The Orlan-10 () is a reconnaissance, unmanned aerial vehicle (UAV) developed by the Special Technology Center (STC) in Saint Petersburg for the Russian Armed Forces. The Orlan-10 features a composite hull that reduces its radar signature.

Drones are usually deployed in groups of two or three; the first is used for reconnaissance at a height of , the second for electronic warfare and the third as a data relay. One system can include up to five vehicles. The price for one system (including 2 drones, a portable launch complex, a control station and a set of spare parts) is reportedly 5 million rubles, or ~US$160,000 (FY 2013). 

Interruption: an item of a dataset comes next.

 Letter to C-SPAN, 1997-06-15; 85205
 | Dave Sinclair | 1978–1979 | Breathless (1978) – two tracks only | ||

Over 50 UAVs were delivered for export in 2021 to Russia's allies. It has seen action in Ukraine, Syria, Libya and Nagorno-Karabakh. According to media reports, an updated variant of Orlan-10 tactical UAV was to enter service with the Russia's ground forces in 2020. The updated variant is expected to have a laser designator to allow it to pinpoint targets for precision-guided artillery and aircraft munitions.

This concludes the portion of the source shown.